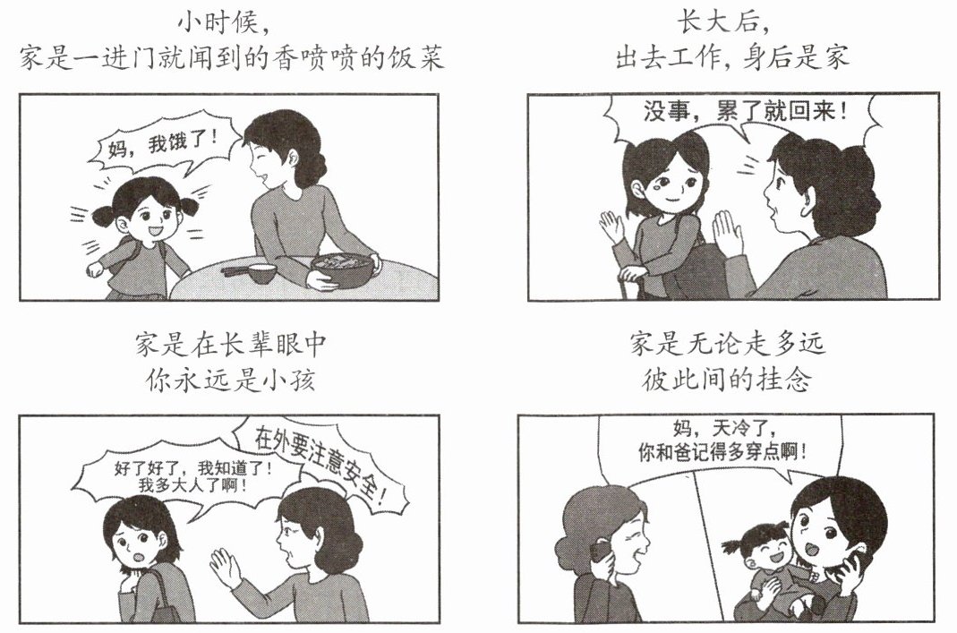 6.(1)①家是生命的居所,是心灵的港湾。家不只是一所房子,家里有亲人,家中有亲情,家让我们的心灵有所依托。(2分)②家是代代传承、血脉相连的生活共同体。(2分)③每个人都有属于自己的家,我们的生命是父母给予的,我们的成长也离不开家庭的哺育和支持。(2分)(2)①要孝敬家里的老人,多多陪伴,多多倾听他们的意见。②自己的事情要自己做。③要好好学习,把书读好,知识是最大的财富。④做人要诚实守信,与人为善。……(写出三点即可,每点2分,共6分)
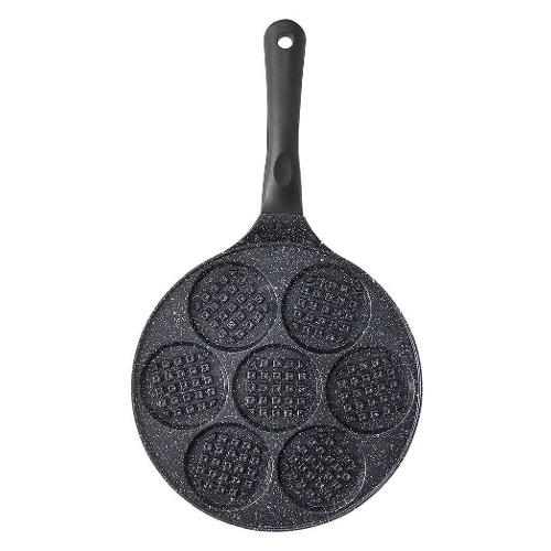 La piastra per waffel/gaufres premium black è l’ideale per preparare il classico dolce del nord europa, tipico del belgio (dove viene chiamato anche gaufre), della francia, della germania e dei paesi scandinavi. Versa l’impasto nei 7 stampini e scegli ogni giorno una ricetta diversa: waffle salati, con la frutta, con la crema pasticcera o semplici, solo con un po’ di zucchero a velo. Il corpo è in fusione d’alluminio; il fondo ad alto spessore è adatto a tutti i piani di cottura, compresa l’induzione; il rivestimento interno antiaderente marmorizzato rinforzato con minerali duri garantisce resistenza ai graffi e lunga durata; il manico in bakelite color nero è ergonomico ed antiscottatura. Lavabile in lavastoviglie, la padella antiaderente per waffel/gaufres premium black è ideale da abbinare agli altri 5 modelli della gamma, per un set coordinato, versatile ed accattivante, immancabile per esprimere tutta la tua creatività in cucina con molteplici ricette. Questa piastra è pfoa free e nickel free.
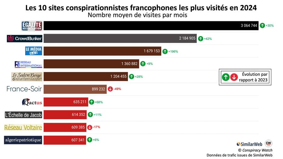 Avec prs de 13 millions de visiteurs mensuels cumuls, les dix principaux sites conspirationnistes francophones ont connu en 2024 une progression notable de leur audience. Une croissance qui confirme le regain dinfluence de la complosphre, porte
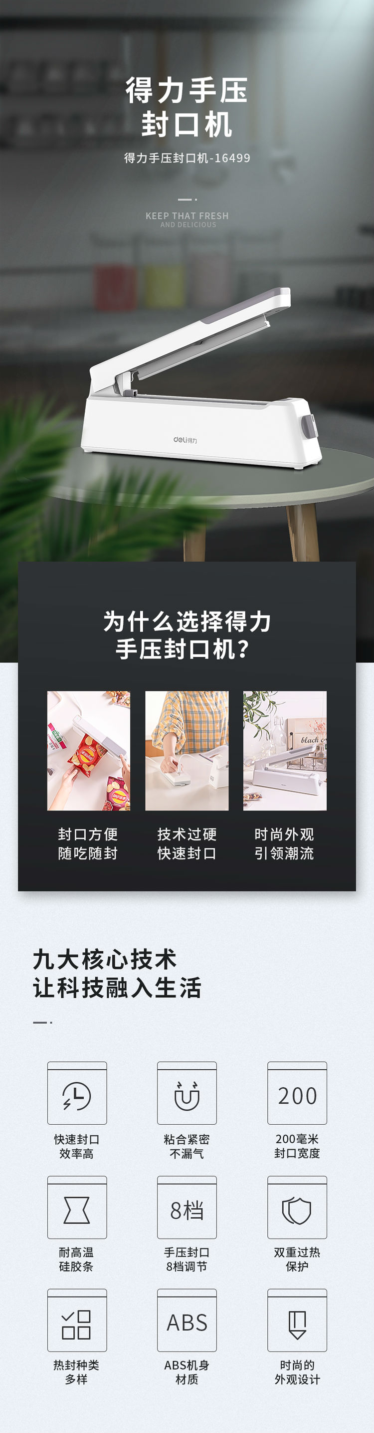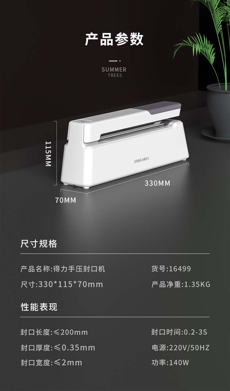 商品名称:得力16499手压封口机(白)
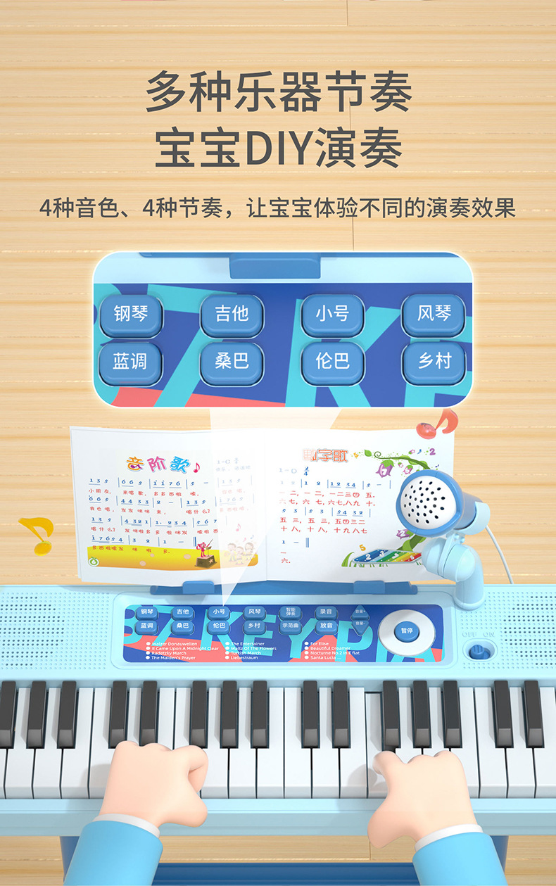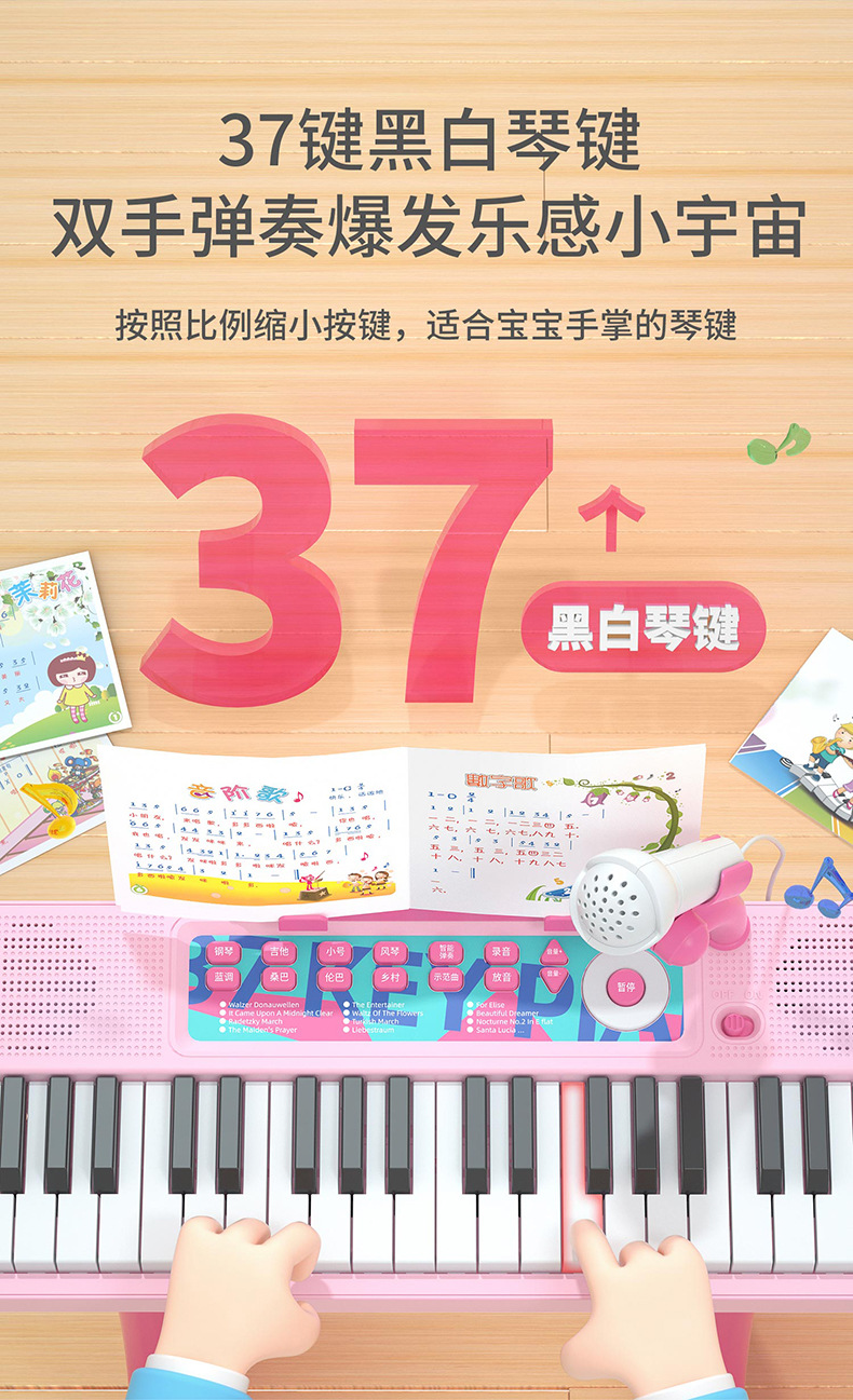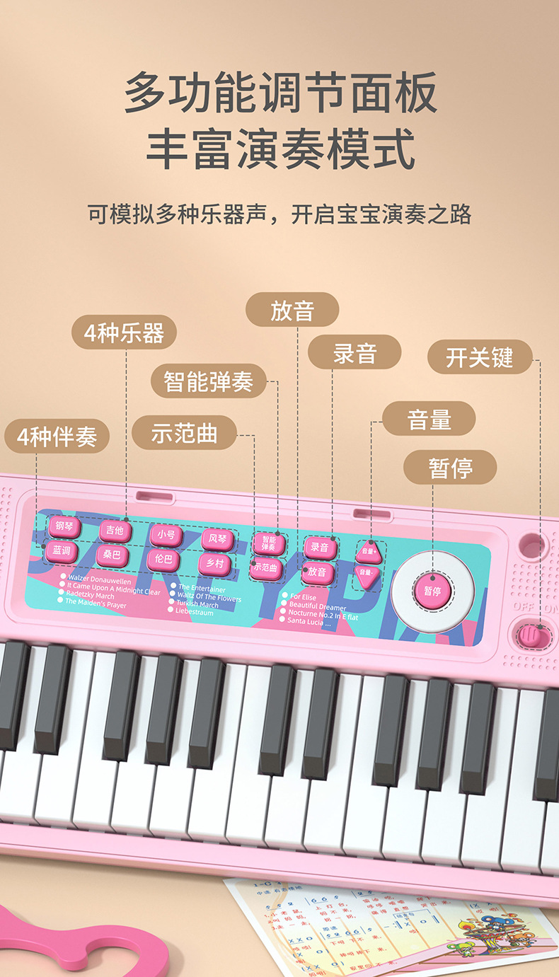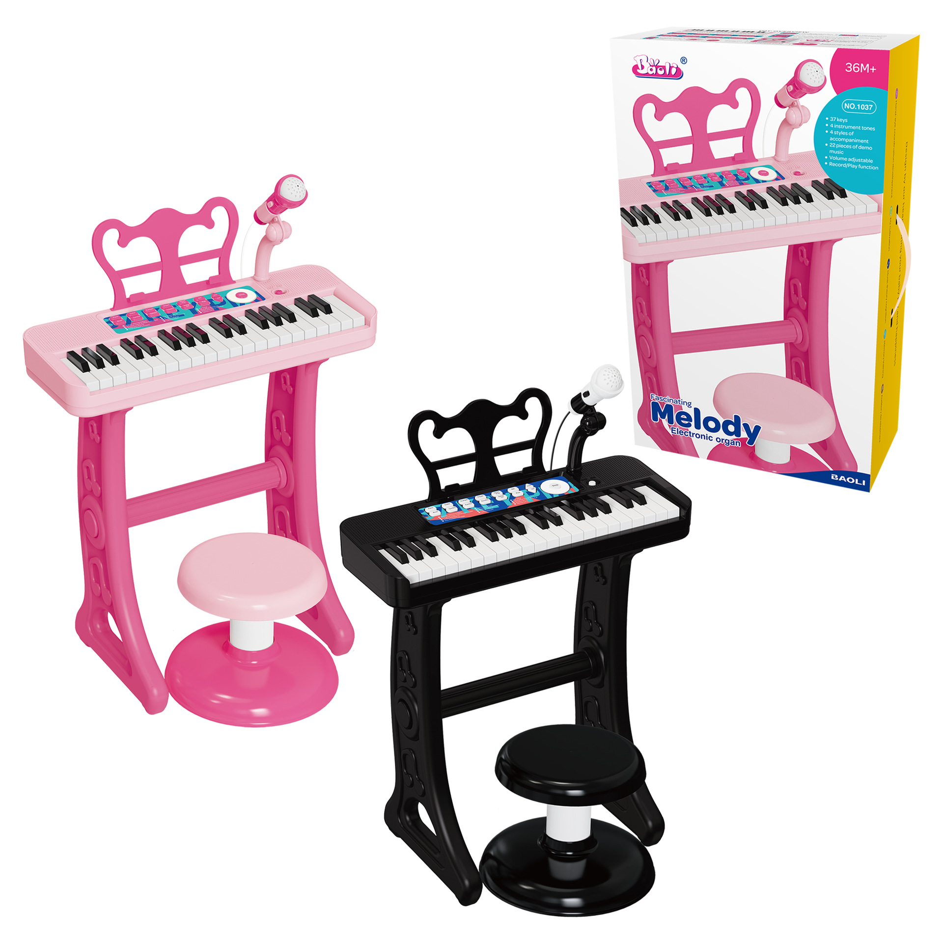 Детская 37-клавишная электронная клавиатура (батарейка в комплекте): синяя.; Детская 37-клавишная электронная клавиатура (батарейка в комплекте): розовая.; Детская 37-клавишная электронная клавиатура без ножек (коробка английского цвета); Детская 37-клавишная электронная клавиатура (цветная коробка на английском языке): розовая.; Детская 37-клавишная электронная клавиатура (цветная коробка на английском языке): черная.
= = =
▶ _How to complete this task_
All of the material should be written out again exactly, apart from the pictures.

▶ _Task solution_
 6.(1)①家是生命的居所,是心灵的港湾。家不只是一所房子,家里有亲人,家中有亲情,家让我们的心灵有所依托。(2分)②家是代代传承、血脉相连的生活共同体。(2分)③每个人都有属于自己的家,我们的生命是父母给予的,我们的成长也离不开家庭的哺育和支持。(2分)(2)①要孝敬家里的老人,多多陪伴,多多倾听他们的意见。②自己的事情要自己做。③要好好学习,把书读好,知识是最大的财富。④做人要诚实守信,与人为善。……(写出三点即可,每点2分,共6分)
 La piastra per waffel/gaufres premium black è l’ideale per preparare il classico dolce del nord europa, tipico del belgio (dove viene chiamato anche gaufre), della francia, della germania e dei paesi scandinavi. Versa l’impasto nei 7 stampini e scegli ogni giorno una ricetta diversa: waffle salati, con la frutta, con la crema pasticcera o semplici, solo con un po’ di zucchero a velo. Il corpo è in fusione d’alluminio; il fondo ad alto spessore è adatto a tutti i piani di cottura, compresa l’induzione; il rivestimento interno antiaderente marmorizzato rinforzato con minerali duri garantisce resistenza ai graffi e lunga durata; il manico in bakelite color nero è ergonomico ed antiscottatura. Lavabile in lavastoviglie, la padella antiaderente per waffel/gaufres premium black è ideale da abbinare agli altri 5 modelli della gamma, per un set coordinato, versatile ed accattivante, immancabile per esprimere tutta la tua creatività in cucina con molteplici ricette. Questa piastra è pfoa free e nickel free.
 Avec prs de 13 millions de visiteurs mensuels cumuls, les dix principaux sites conspirationnistes francophones ont connu en 2024 une progression notable de leur audience. Une croissance qui confirme le regain dinfluence de la complosphre, porte
 商品名称:得力16499手压封口机(白)
 Детская 37-клавишная электронная клавиатура (батарейка в комплекте): синяя.; Детская 37-клавишная электронная клавиатура (батарейка в комплекте): розовая.; Детская 37-клавишная электронная клавиатура без ножек (коробка английского цвета); Детская 37-клавишная электронная клавиатура (цветная коробка на английском языке): розовая.; Детская 37-клавишная электронная клавиатура (цветная коробка на английском языке): черная.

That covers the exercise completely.